Exercise prompt.
Reproduce all the data exactly, without pictures.

Supplied information.
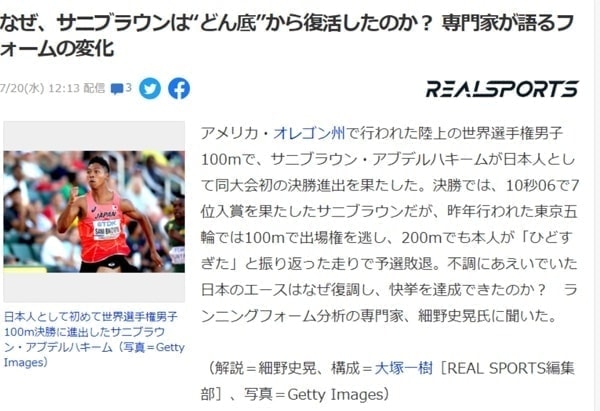 細野コーチがREALSPORTSの記事を書き、Yahooニュースにも転載されました(2022年7月20日)
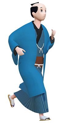 改修工事が行われている江戸東京博物館が開発したアプリゲーム。長屋に住む少年や提灯屋の若旦那となって江戸の町を走り回り、隠されている江戸博の収蔵品を集めます。上写真は江戸のお金事情と商売について学べるシリーズ第3弾の一場面。
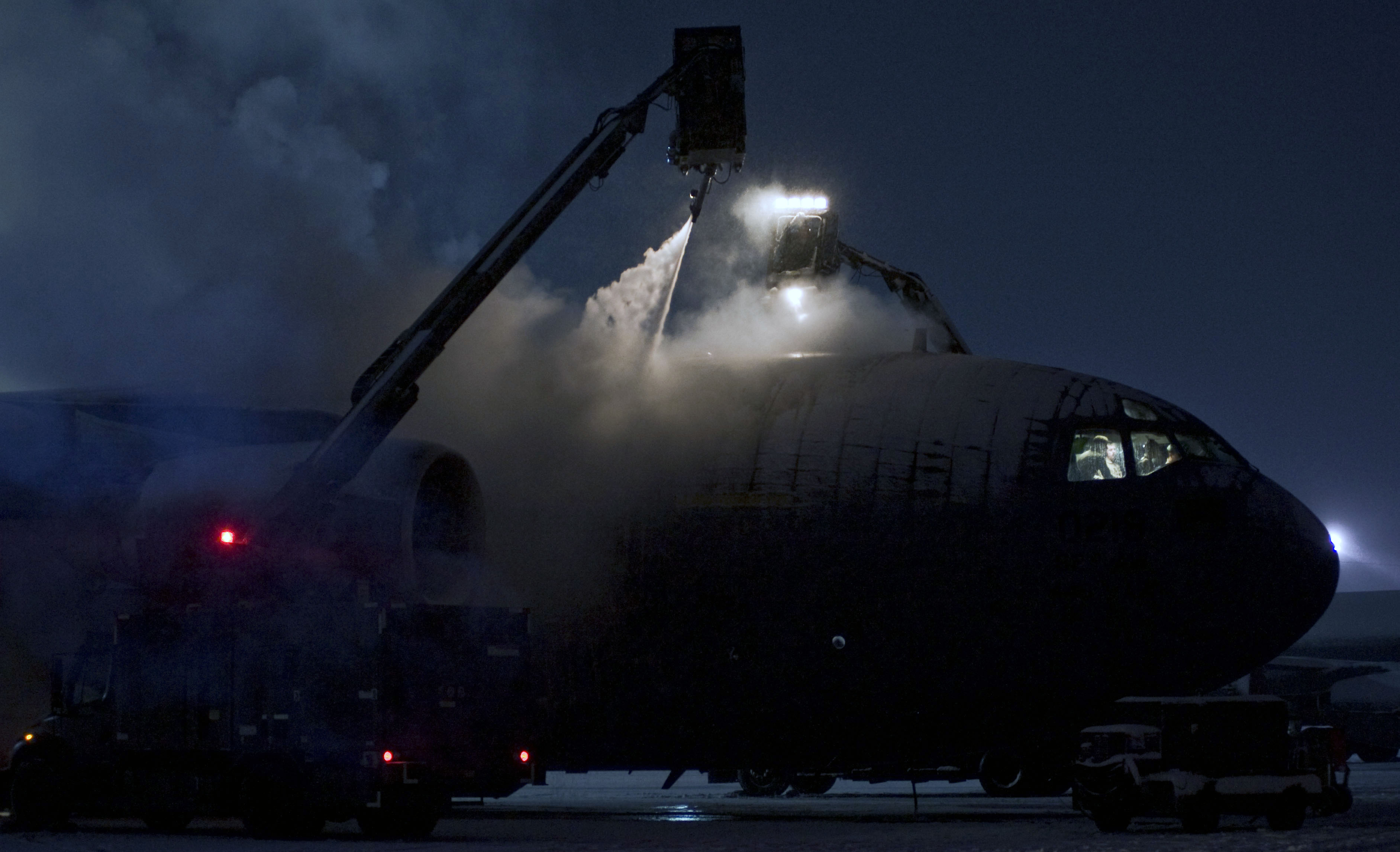 Maintenance crews work rapidly to deice a C-17 Globemaster III at Transit Center at Manas, Kyrgyzstan, Nov. 19, 2012. Removing the ice is a necessary procedure in order for the aircraft to depart safely and securely. Four deicing trucks worked consistenaly throughout the day to ensure continued support of the Transit Center?s primary missions set of airfueling and onward movement in direct support of international efforts in Afghanistan. (U.S. Air Force photo/Senior Airman Stephanie Rubi)
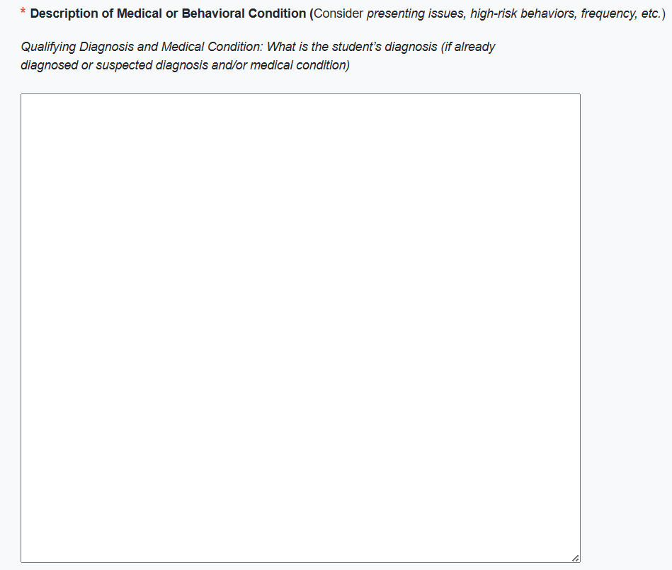 What is the student’s qualifying diagnosis or medical condition? (The specific ‘reason to treat’ is not a Medicaid specific requirement, but should be included if available.)

Answer section.
 細野コーチがREALSPORTSの記事を書き、Yahooニュースにも転載されました(2022年7月20日)
 改修工事が行われている江戸東京博物館が開発したアプリゲーム。長屋に住む少年や提灯屋の若旦那となって江戸の町を走り回り、隠されている江戸博の収蔵品を集めます。上写真は江戸のお金事情と商売について学べるシリーズ第3弾の一場面。
 Maintenance crews work rapidly to deice a C-17 Globemaster III at Transit Center at Manas, Kyrgyzstan, Nov. 19, 2012. Removing the ice is a necessary procedure in order for the aircraft to depart safely and securely. Four deicing trucks worked consistenaly throughout the day to ensure continued support of the Transit Center?s primary missions set of airfueling and onward movement in direct support of international efforts in Afghanistan. (U.S. Air Force photo/Senior Airman Stephanie Rubi)
 What is the student’s qualifying diagnosis or medical condition? (The specific ‘reason to treat’ is not a Medicaid specific requirement, but should be included if available.)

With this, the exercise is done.